Recently, we reported that post-ischemic single intraperitoneal administration of perampanel (1.5 mg/kg) reduced brain edema and infarct volumes and improved motor function after transient focal cerebral ischemia in rats. Immunological analysis showed that perampanel inhibited ionized calcium-binding adapter molecule 1-positive microglial activation, expression of pro-inflammatory cytokines, including interleukin-1β (IL-1β) and tumor necrosis factor-alpha (TNF-α), and oxidative stress-related molecules, including 4-hydroxynonenal and 8-hydroxy-20-deoxyguanosine.

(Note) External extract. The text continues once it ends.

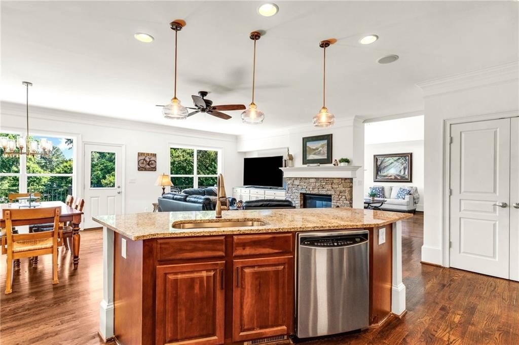 **UNBELIEVABLE PRICE!!**Custom-Built Lake Lanier Retreat – A Builder’s Personal Masterpiece** Welcome to a perfectly maintained brick and stone home on the shores of Lake Lanier, built and owned by the builder himself—where quality craftsmanship meets lakeside living. Every inch of this home was thoughtfully designed with expanded room sizes, custom accent walls, heavy trim, and attention to detail in every room. Step outside and launch your kayak, cast a line, or simply relax by the water—this lush one-acre property offers direct lake access right from your backyard. A spacious front porch is the perfect spot to unwind as deer graze nearby, and the oversized back deck sets the stage for peaceful sunset dinners. Gather around the fire pit and soak in the serenity of your private retreat. Inside, the home impresses with a two-story family room filled with natural light, a warm keeping room off the large kitchen, and a generous breakfast area perfect for casual mornings. The kitchen is a dream with abundant cabinetry and workspace. Main level living includes a bedroom and full bath, an office with built-ins, and a formal dining room for entertaining. Upstairs features large secondary bedrooms, a bonus/media room ideal for movie nights or play space, and a stunning owner’s suite with a completely remodeled bathroom and custom closet shelving. An unfinished basement offers room to grow or customize. The home also boasts a newer roof, new interior and exterior paint, 300-amp electrical service, irrigation system, speaker system throughout the home, new flooring and more!!! AND, it is just seconds from a boat ramp, park, playground, and picnic pavilions. This is more than a home—it’s a lifestyle!

Moreover, perampanel suppressed neurodegeneration via downregulation of Bcl-2 associated X protein and upregulation of Bcl-extra-large, with Akt activation (Nakajima et al., 2018). Similarly, oral administration of perampanel (10 mg/kg) reduced brain edema and infarct volume, and improved motor function, accompanied by regulated expression of inflammatory cytokines, including IL-1β, TNF-α, IL-10, and transforming growth factor-β (TGF-β), and inhibited nitric oxide generation via nitric oxide synthase pathways (Niu et al., 2018). Perampanel administration (5 mg/kg) reduced contusion volume and brain edema via inhibition of oxidative stress through upregulation of antioxidant enzymatic activity, including that of catalase, superoxide dismutase, and glutathione transferase, in a TBI model (Chen et al., 2017). Another in vitro study, using primary murine brain endothelial cells, showed that perampanel exerts a protective effect on blood-brain barrier permeability after oxygen glucose deprivation. Interestingly, the protective effect might be mediated by preservation of claudin-5 protein expression, but does not involve glutamate receptor expression and intracellular Ca2+ regulation (Lv et al., 2016). Moreover, perampanel reduced apoptosis of oligodendrocyte precursor cells, accompanied with reduction of microglia infiltration and production of proinflammatory cytokines, including TNF-α, IL-1β, and IL-6, and enhanced oligodendrocyte precursor cell maturation. Additionally, it promoted myelination in a rabbit model of intraventricular hemorrhage-induced white matter injury (Dohare et al., 2016).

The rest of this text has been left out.